La délibération du 5 juillet, avec un Titre pour la Corse, et un véritable statut d’Autonomie, doit être démocratiquement respectée par l'Etat français et politiquement assumée par tous ses signataires. » Le non est encore plus probable du fait de la création du parti Nazione qui a assumé une grande fermeté : « Face au ministre de l’Intérieur français dépêché pour calmer la rue, la majorité aujourd’hui à la tête des institutions de la Corse a préféré neutraliser le rapport de force alors établi. En lieu et place de négociations jetant les bases d’une solution politique globale, un protocole excluant ce qui constitue l’essentiel de soixante années de combat contemporain a été entériné […]
Les discussions en cours sont malheureusement condamnées à aboutir à une décentralisation améliorée que d’aucuns, à grand renfort de communication, tenteront de travestir en une « autonomie de plein droit et de plein exercice » Et ce n’est pas l’analyse d’U Ribombu Internaziunale, media proche de Nazione, qui devrait inciter Core in Fronte à baisser la garde : « L’interview exclusive donnée par Gerald Darmanin au quotidien Corse Matin est on ne peut plus claire. Pour lui, il est temps de conclure et de siffler ainsi la fin de la récréation.
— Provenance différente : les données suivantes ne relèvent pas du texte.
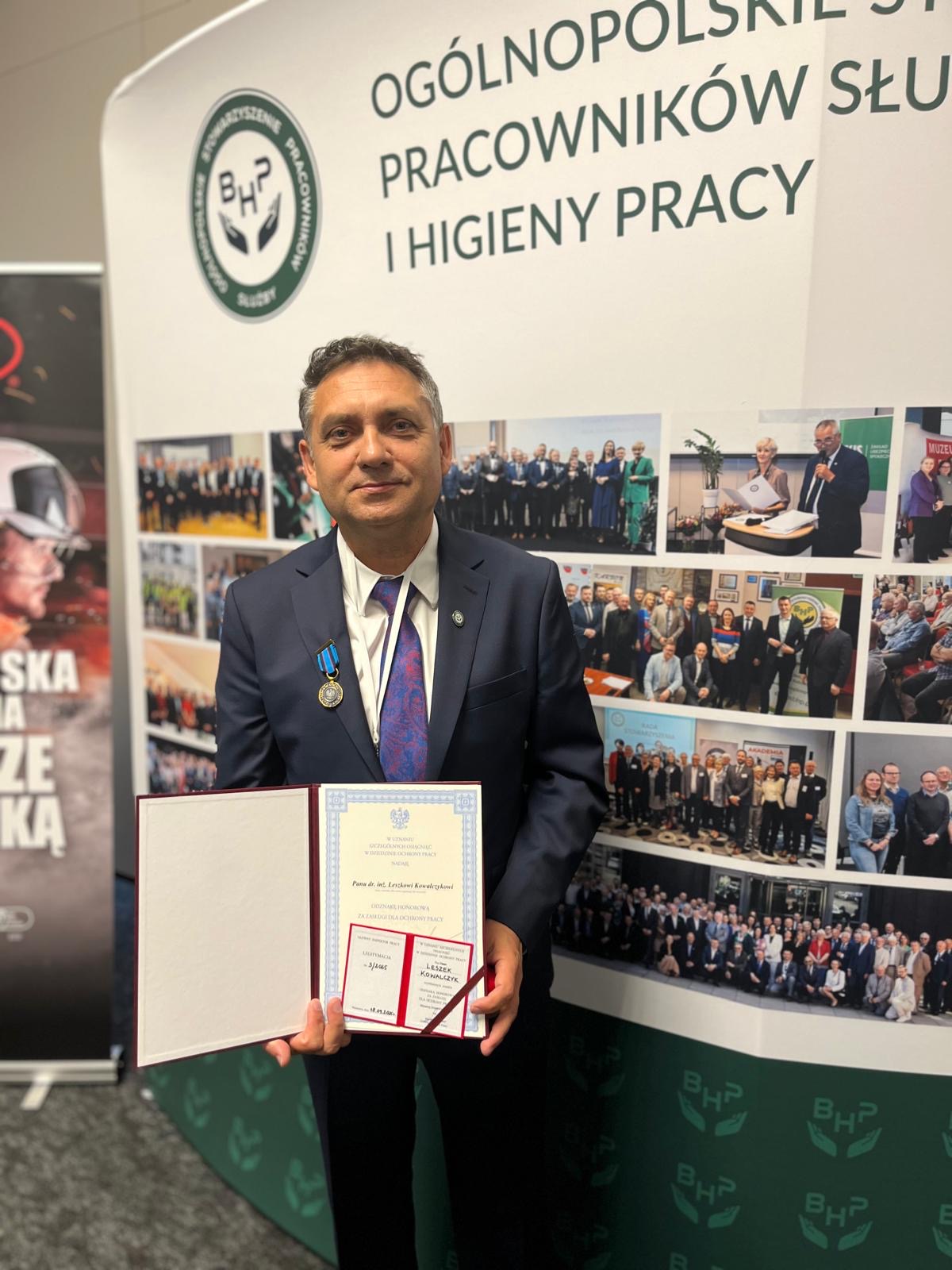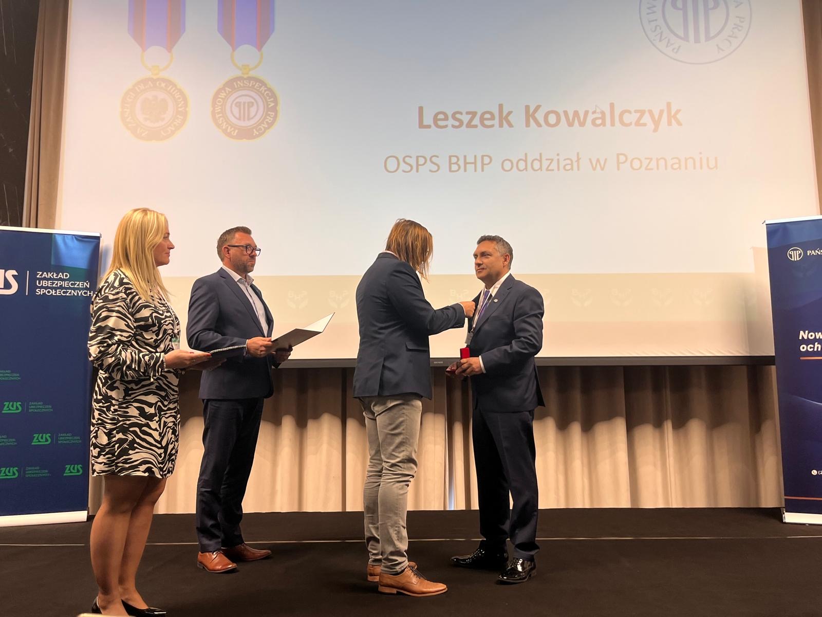 Dr inż. Leszek Kowalczyk, pracownik Wielkopolskiego Oddziału Regionalnego ARiMR został wyróżniony „Odznaką Honorową za Zasługi dla Ochrony Pracy”, przyznaną przez Głównego Inspektora Pracy Marcina Staneckiego. Miało to miejsce podczas VII Ogólnopolskiego Forum Służb BHP, które odbyło się w terminie 18-19 września 2025 r. w Warszawie. To zaszczytne wyróżnienie nadawane jest osobom i organizacjom za szczególne osiągnięcia w dziedzinie ochrony pracy, np. za wprowadzanie innowacyjnych rozwiązań poprawiających bezpieczeństwo i warunki pracy.

Ce faisant, il ne fait que conforter toutes les analyses que nous avons déjà livrées sur le « processus » en cours qui consiste, avant tout, à circonscrire toute pseudo discussion dans un cadre excluant toutes les revendications fondamentales pour lesquelles des générations entières de Corses se sont battues […] Au delà d’une forme faussement respectueuse où pointent à chaque instant l’ironie et le mépris, le ministre Darmanin dispense à Gilles Simeoni et à son exécutif une leçon sur à peu près tout: la forme, la manière, les moyens. Il prodigue ses conseils comme un maître à des élèves de seconde section de maternelle, énonçant clairement que c’est lui qui va proposer un texte [...] Il dessine à sa guise, et avec l’appui objectif de tous ceux qui s’y prêtent d’ores et déjà, les contours d’une majorité territoriale et d’un consensus qui n’a plus rien de nationaliste, pour imposer in fine une autonomie au rabais ».